Женщины с инвалидностью — самая уязвимая категория. Они часто зависят от других людей. Они очень уязвимы перед насилием. Они — самая бедная часть человечества.
— Феминизм помогает проникнуться уважением к себе. Понять, что твои потребности отличаются от потребностей других, признать себя, свою жизнь: «Да, мне выпала неудачная карта. Это моя судьба. Но я все равно имею право на активную и интересную жизнь, хотя меня колбасит, и у меня происходит ухудшение».
Коллективная ответственность
— У меня в туалете сломалась крышка на унитазе, — смеется Алена. — Она все время падала и била меня по спине. И я такая вышла оттуда и как заору: «Да чтоб они сдохли все, здоровые!» Ну это, конечно, просто аффективная реакция. Ты не пиши, что я кому-то желаю смерти, меня такое не интересует. Просто я уже пять лет бьюсь — и словно упираюсь в стену.

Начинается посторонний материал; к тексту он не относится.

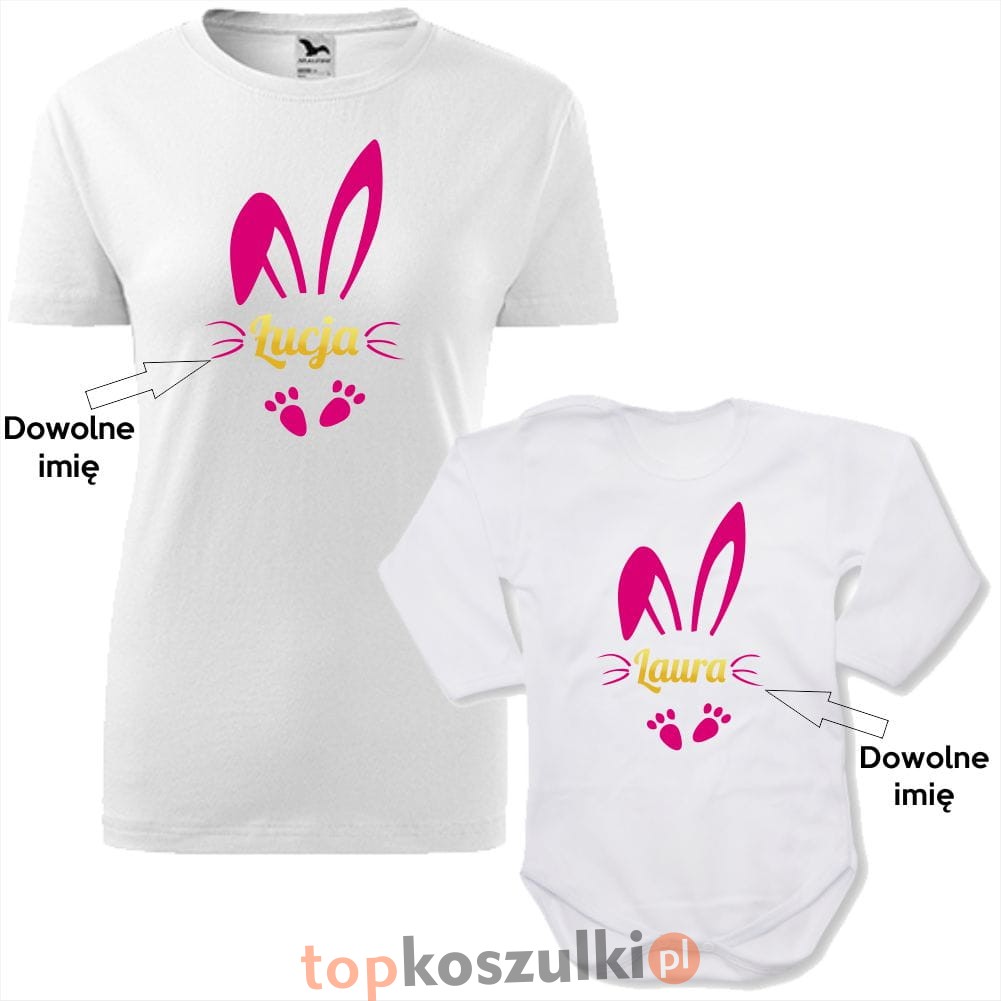 zestaw body niemowlęce + damska koszulka taliowana - zając 04 + twoje damskie imiona (mamy i córki), prezent na Wielkanoc
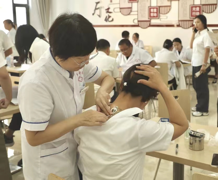 講座余溫未散,干部職工在工作人員的引導(dǎo)下,有序前往各診區(qū)開展診療咨詢,F(xiàn)場(chǎng)設(shè)有中醫(yī)內(nèi)科、外科、心病科、腦病科、治未病科等15個(gè)科室20余名資深醫(yī)師為職工們面對(duì)面、一對(duì)一診療。醫(yī)護(hù)人員們化身為健康衛(wèi)士,耐心傾聽職工的健康問題,仔細(xì)詢問病史,把脈問診、答疑解惑,針對(duì)每個(gè)人的身體狀況與生活習(xí)慣給出相應(yīng)的健康指導(dǎo)和治療建議,為每位職工開出了“良方”,獲得廣大職工一致好評(píng)。此次義診服務(wù)還涵蓋了三伏貼、耳穴貼壓、穴位貼敷等中醫(yī)特色體驗(yàn)。
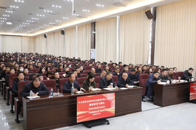 為深入貫徹全面從嚴治黨戰略方針,持續深化黨風廉政建設和反腐敗工作,壓緊壓實管黨治企政治責任,3月4日,酉州實業集團召開2026年黨風廉政建設工作專題會。會議旨在筑牢全員廉潔思想防線,為集團新一年的發展劃定“路線圖”、明確“任務書”。集團黨委副書記、總經理冉景和主持會議,縣紀委監委派駐縣財政局紀檢監察組組長謝其華應邀蒞臨指導。集團全體領導班子、中層干部、全體黨員,子公司副職以上干部,項目建設、財務融資、物資采購、兩違管控、鄉村振興工作隊員等關鍵崗位,桃花源地產公司、新城公司全體干部職工參會。會議分為兩個階段進行,采取“警示+傳達+部署+表態+指導”的五維聯動模式,環環相扣、步步深入,通過全方位的思想洗禮和責任傳導,推動集團2026年黨風廉政建設工作走深走實。
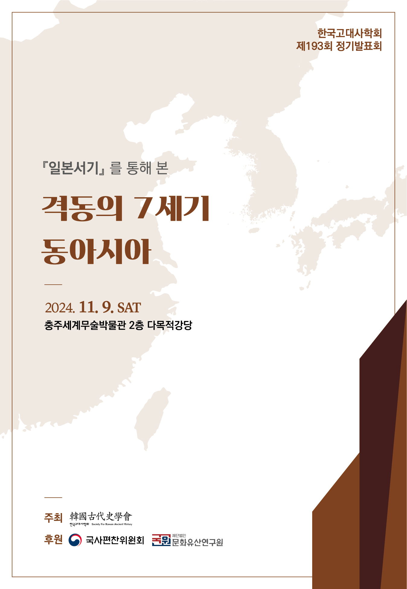 [공지] 한국고대사학회 제192회 정기발표회 "『일본서기』를 통해 본 격동의 7세기 동아시아"
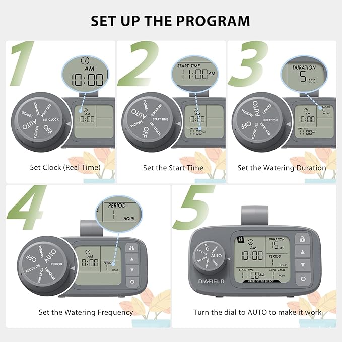- Adjustable & Precise Plant Care:This water timer can adjust watering duration effortlessly, ranging from 5s to 90s for shorter bursts, or 2mins to 15mins for deeper hydration. Tailor the watering frequency to perfection, with options from 1h to 23h for frequent care or 1 day to 30 days for longer intervals. Experience the ultimate flexibility in nurturing your plants, ensuring they receive the optimal hydration they need to thrive. Gardening has never been this convenient and efficient
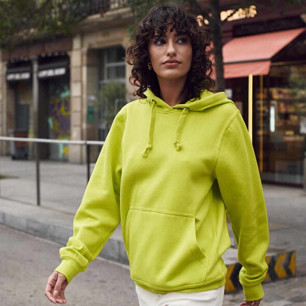 Hettegenser i unisexmodell. Basic Hoody har ribb i mansjett og nederkant, børstet innside og snor i hetten. Kengurulomme med praktisk løsning for mobiltelefon..
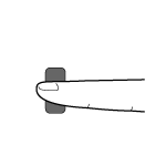 イラストのようにハンドベルトの両端を起こし、突起の付いている側の端をもう片方の端の輪にくぐらせ、突起を任意の穴へ固定されるまで押し込んでください。
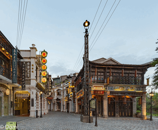 1942风情街,以冯小刚电影《1942》中出现的重庆街道为蓝本,91栋建筑集合了上世纪三、四十年代长江流域4大城市重庆、武汉、南京、上海等地典型的建筑风情。其中20多栋建筑完全按照老照片复原,包括曾为蒋介石官邸的尧庐、西山钟楼、重庆国泰戏院、上海荣光大戏院等等,每一栋建筑背后都有一段流逝的故事,令人追忆和回味。
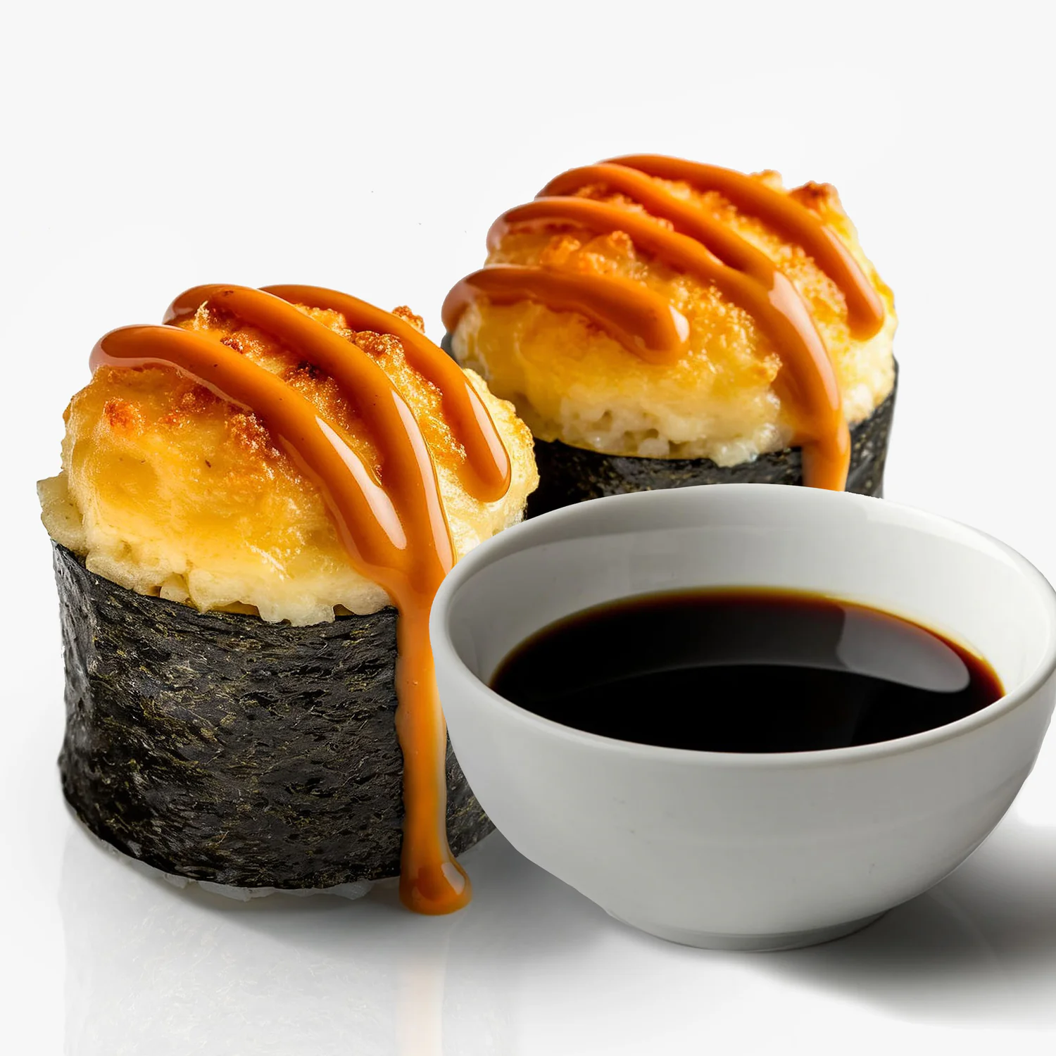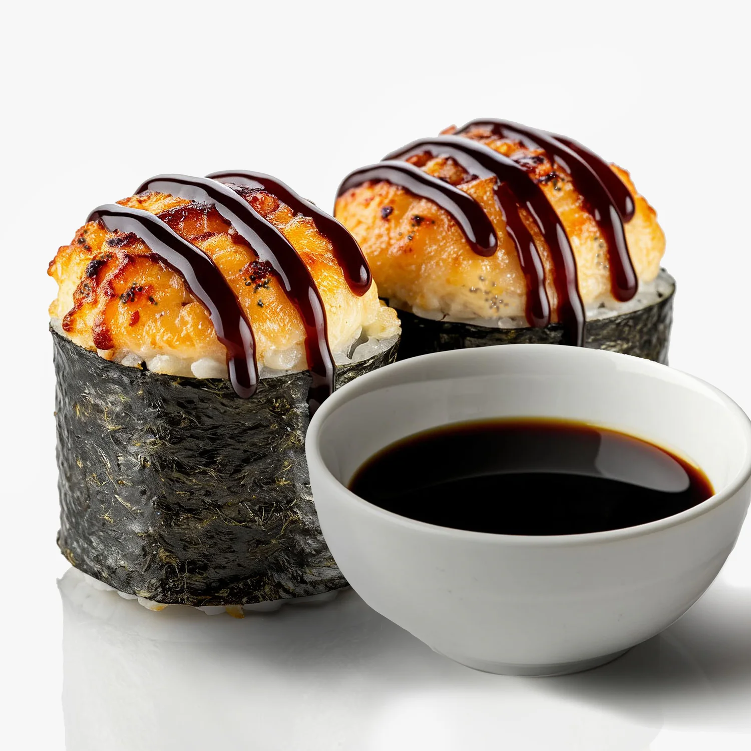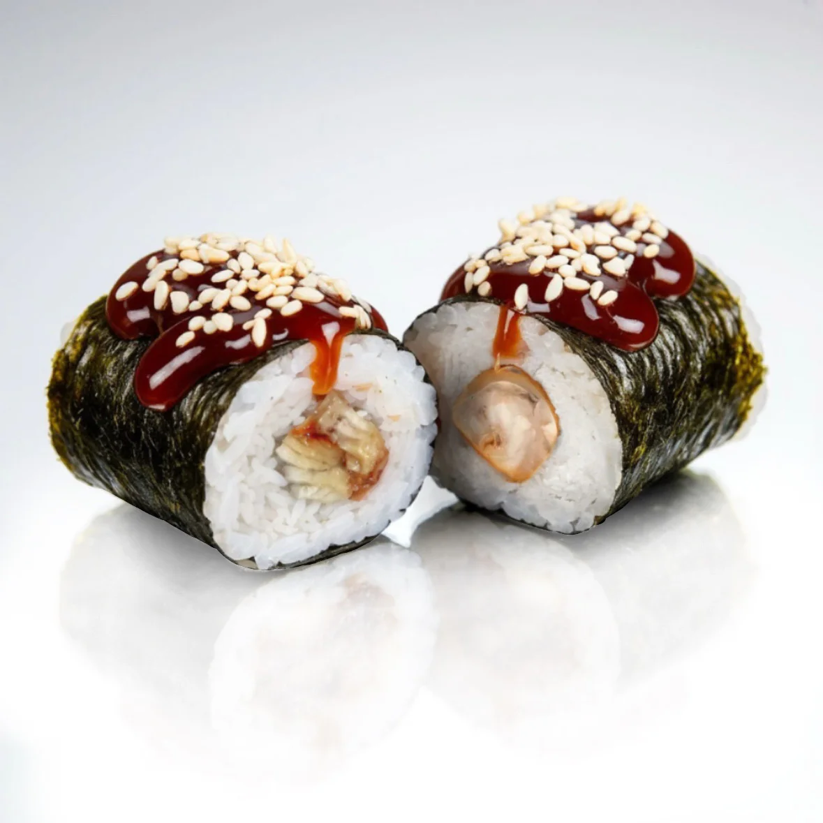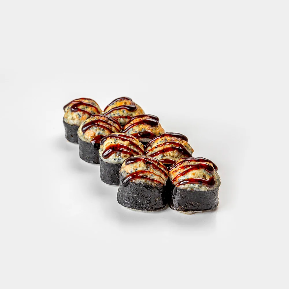Запеченный ролл. Творожный сыр "Hochland", креветка, фирменный соус, соус унаги, кунжут. Состав включает в себя в том числе и шапочку ролла.
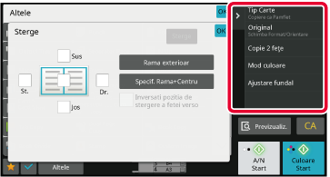 Din panoul de acţiuni, puteţi configura funcţiile sau combina
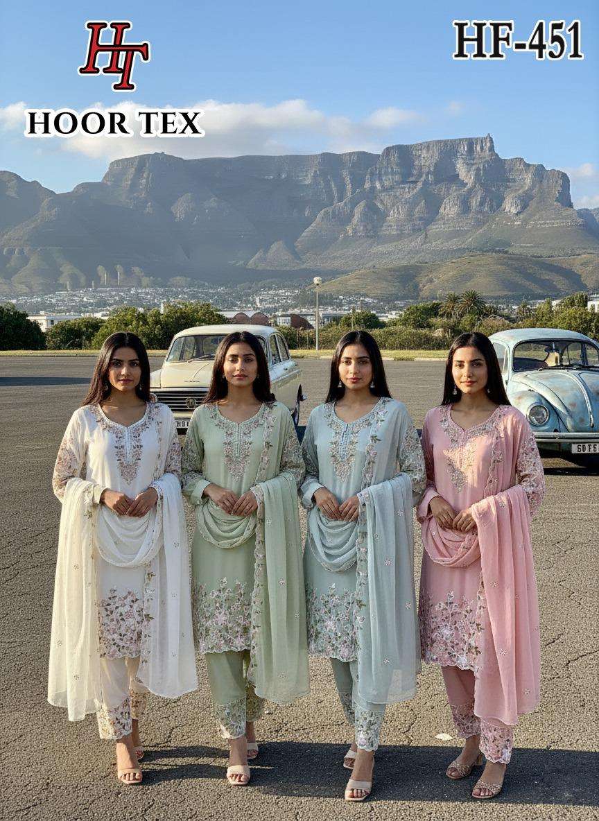 Buy Online HF 451 A To D by Hoor Tex Suit collection manufacturers surat 4 Pcs of Full Catalogue at Wholesale Price. Looking for HF 451 A To D by Hoor Tex Suit collection manufacturers surat Full Catalouge at Best Price? Buy Now HF 451 A To D by Hoor Tex Suit collection manufacturers surat at Wholesale Rate of Rs 6800 with Total 4 Pcs from authroized dealer and supplier of HOOR TEX Brand. Cost of Each piece is just only Rs 1700 which is very low and affordable price to resale the product in your retail store ,This is Surat based Wholesale Supplier & Dealer of HOOR TEX Brand. Click on Brand name to Know more about HOOR TEX Brand's products.Call or Whatsapp on 9898838984 for booking or enquiry

С 2018 года Алена занимается общественной активностью. Сейчас главный для нее проект — это «Женщины. Инвалидность. Феминизм», выросший из фестиваля двухлетней давности. Но, шире, это ее просветительская и активистская деятельность, направленная на защиту женщин с инвалидностью. «У меня позитивное мышление», — несколько раз за интервью говорит она про себя. Но никакое позитивное мышление и ничей индивидуальный пример не могут помочь не то что всем, но даже большинству из тысяч женщин, живущих с инвалидностью.
— Нельзя каждой, кто живет в пятиэтажке на пятом этаже и поэтому никогда не может выйти из дома, сказать: «Давай, соревнуйся со здоровыми». Нельзя заставлять их чувствовать, что им все время оказывают милость. Нельзя всех этих женщин заставлять равняться на планку капитализма, требовать от них показателей эффективности.
— Ты считаешь, что люди должны испытывать больше сочувствия, жалости к инвалидам? — спрашиваю я.
— Мне не нужно ничего делать, чтобы вызывать жалость. Мне люди на автобусной остановке суют деньги в руки. Но инвалидам вообще нужна не жалость, а уважение — ведь они такие же личности, как ты. Просто нужно принимать их и их ограничения.
Доминирующая социальная модель инвалидности описывает ее как «дестрой в человеке», поясняет Алена. Если инвалида уважают как человека, то просто приравнивают к здоровым. Гораздо чаще его просто унижают жалостью. А нужна инклюзия, повторяет Алена, которая начинается с принятия того факта, что рядом с тобой есть люди с другим ритмом, с другим режимом, с другими потребностями. Инвалидность не поломка в человеке, а дефекты социального ландшафта. «Инвалидность — это часть личности», — говорит Левина. И этот факт стоит принять всем, в том числе и здоровым. «Я не виновата, что не могу поправиться. Но я не сломанная».
— Сейчас много говорят про коллективную вину. Ее, конечно, нет. Здоровые не виноваты, если только они не отправляют никого становиться калеками ради своих фантомов. Они не виноваты, но на них лежит коллективная ответственность за то, чтобы создать общество, в котором найдется место для каждой и каждого. Это начинается с пандусов, хороших протезов, нормальной реабилитации. Но все сложнее. Нужно признать разнообразие, право других быть другими… Это называется «равенство».